Experienced medicaid lawyer in Jupiter, FL

Protect your assets and provide for your family with this complete guide

If you remember Aesop’s fable of the ant and the grasshopper, you remember that the ant labors away diligently while the grasshopper frolic’s in the grass.

“Why are you working so hard?” asks the grasshopper. “We have food now, there’s nothing to worry about.” The ant replies that winter is coming and that without storing lots of food, this winter could be his last. Indeed, when it gets cold and the grass wilts, the grasshopper is left out in the cold and the ant returns to his well-stocked hive to wait it out.

Since you’re reading this, you must be the hard working and responsible type. It’s been a life spent looking to the future, building for retirement and paying the mortgage. You’re no stranger to labor – but what happens to us if we can no longer work?

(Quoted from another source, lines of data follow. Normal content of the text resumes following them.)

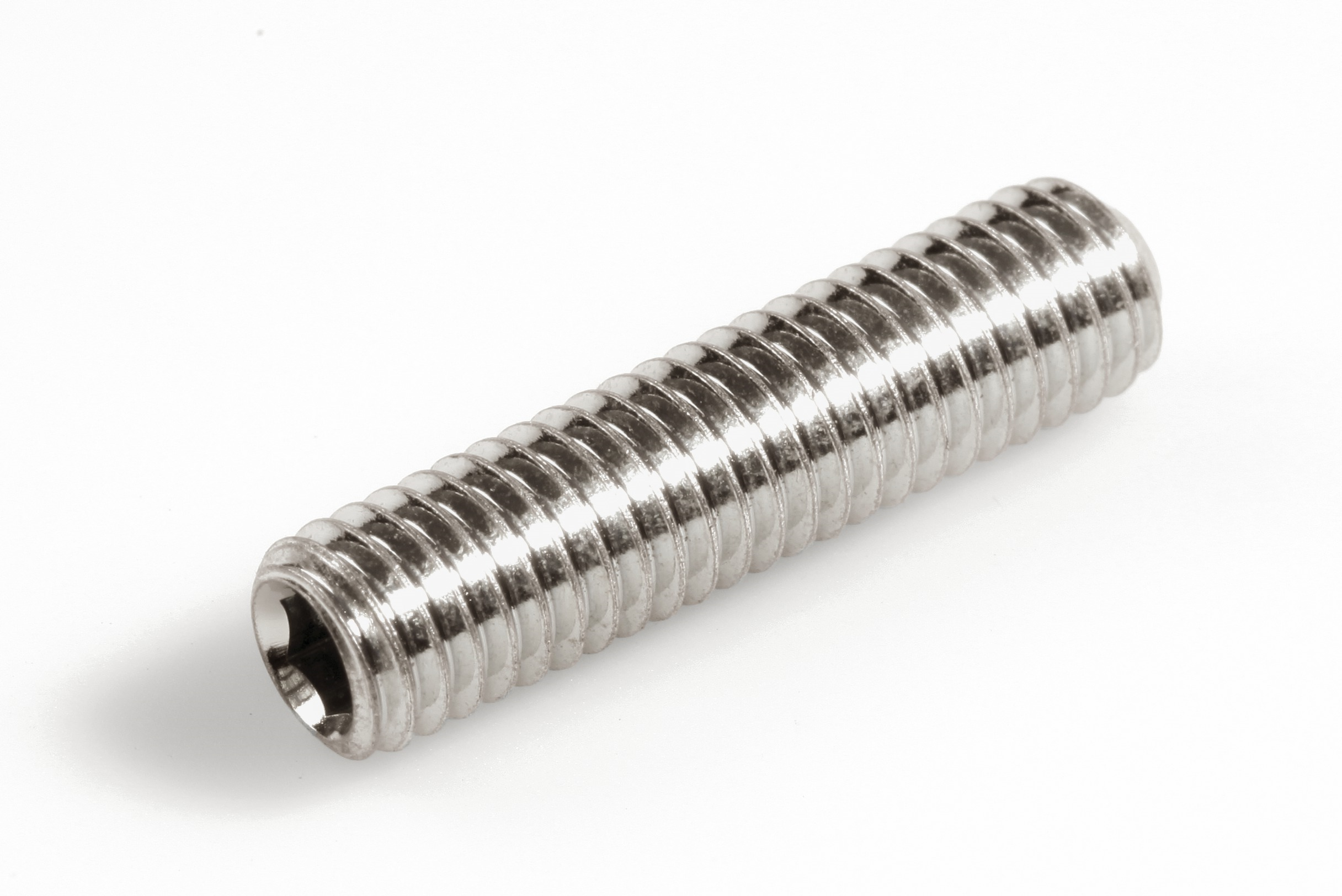 Skruv utan skalle. Avsedd för låsning av axlar och dylikt då ingen del av skruven får sticka upp.
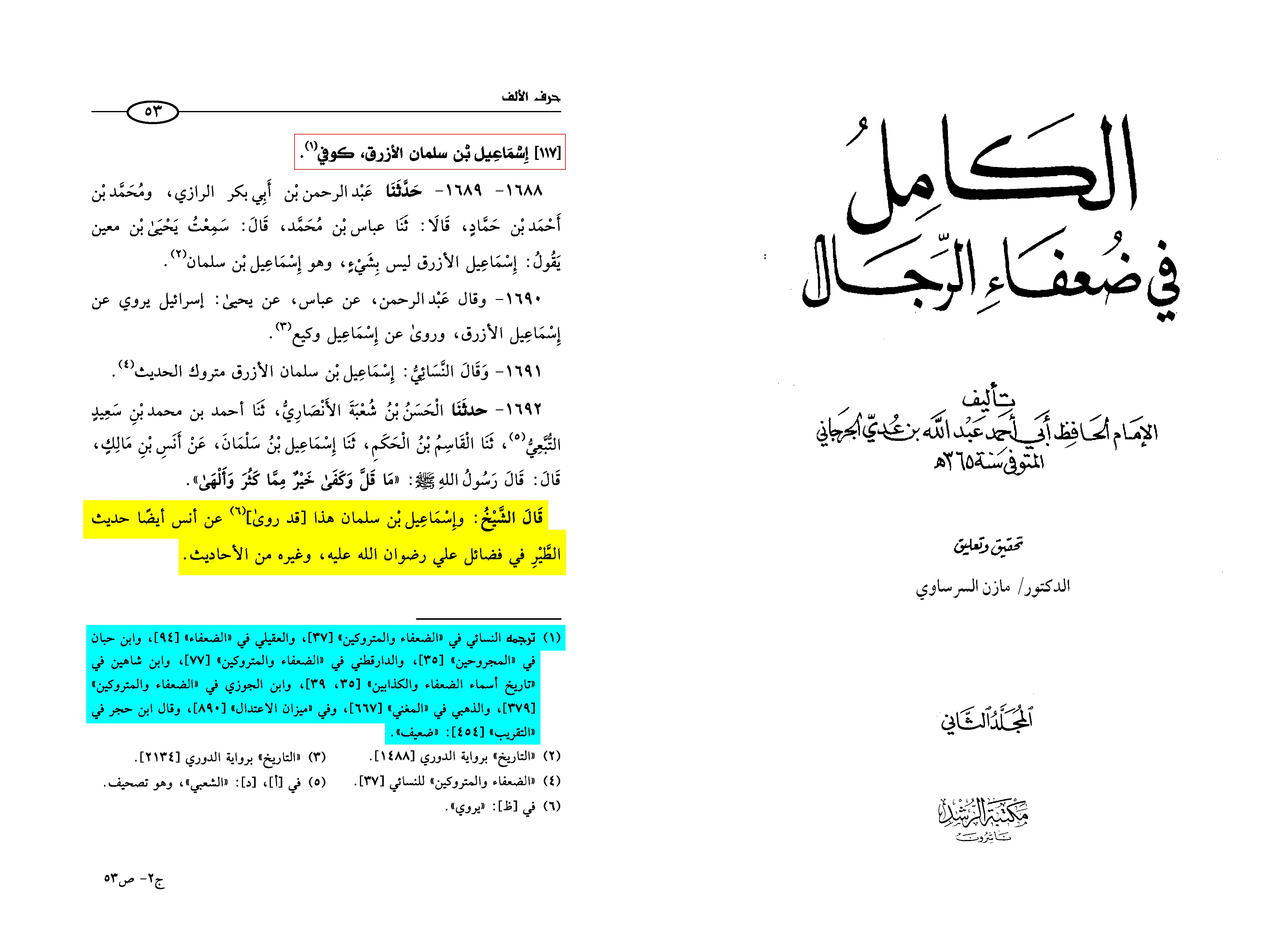 However, when we read his biography in Kamil Fi al-Du’afa, vol. 2, pg. 53 by Ibn Udayy, we read:
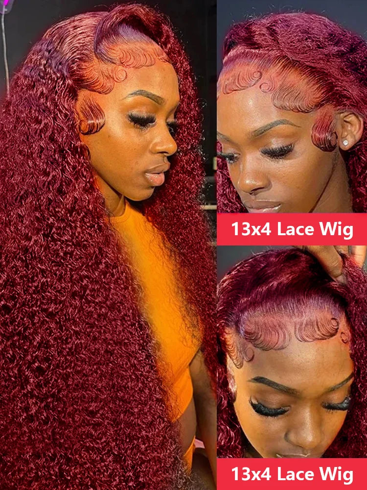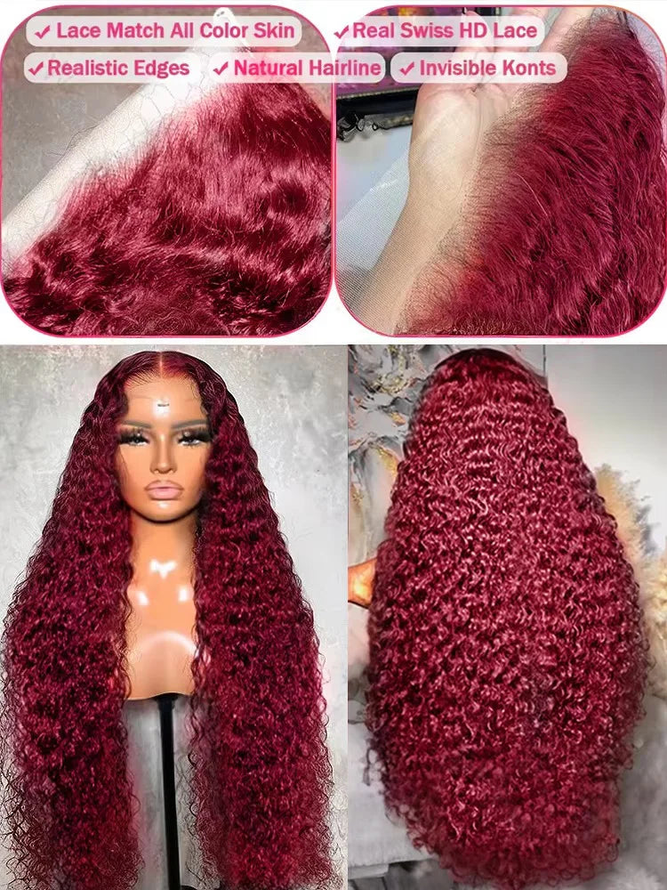 250 Density 13x4 Curly 99J Burgundy Colored Lace Front Wig 30 40 Inch Deep Wave 13x6 HD Lace Frontal Human Hair Wigs
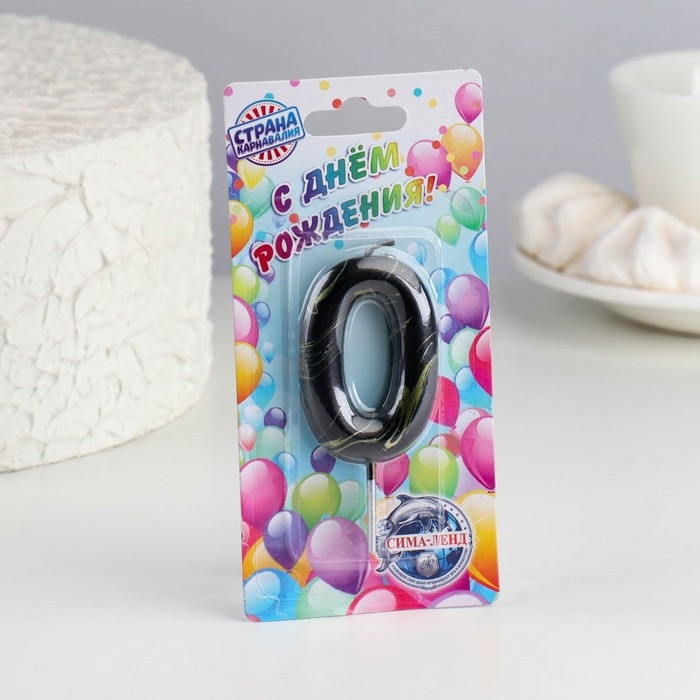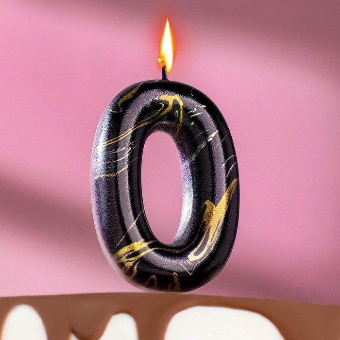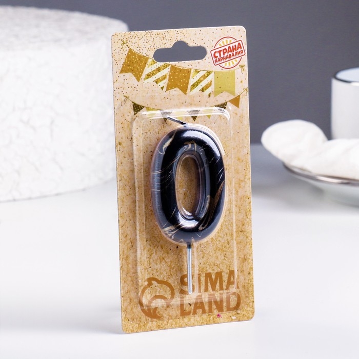 Свеча в торт "Черный мрамор", цифра "0", 5,5 см
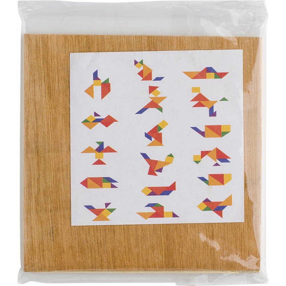 7 darabos, fa kirakójáték. Csomagolása újrahasznosított PE zacskó.

What if you or a loved one suffers a stroke and needs a nursing home? How are we to prepare for the later years when we’re not able to earn like we once were?

Fortunately, Medicaid does provide nursing home coverage for the twilight years. But at a steep price. In order to qualify for long-term care, you must surrender practically all of your assets and savings. This means exhausting savings, deflating any hopes of supporting your family, and surrendering financial freedom. How best to secure your hard-earned investments and look out for your loved ones?
Medicaid planning is the only responsible means of protecting choice assets from being liquidated to pay for nursing home care. But beware: certain restrictions apply. If you’re not careful, you could end up losing valuable assets and costing your loved ones more than they’d save. Getting started now is the surefire way to secure your earnings.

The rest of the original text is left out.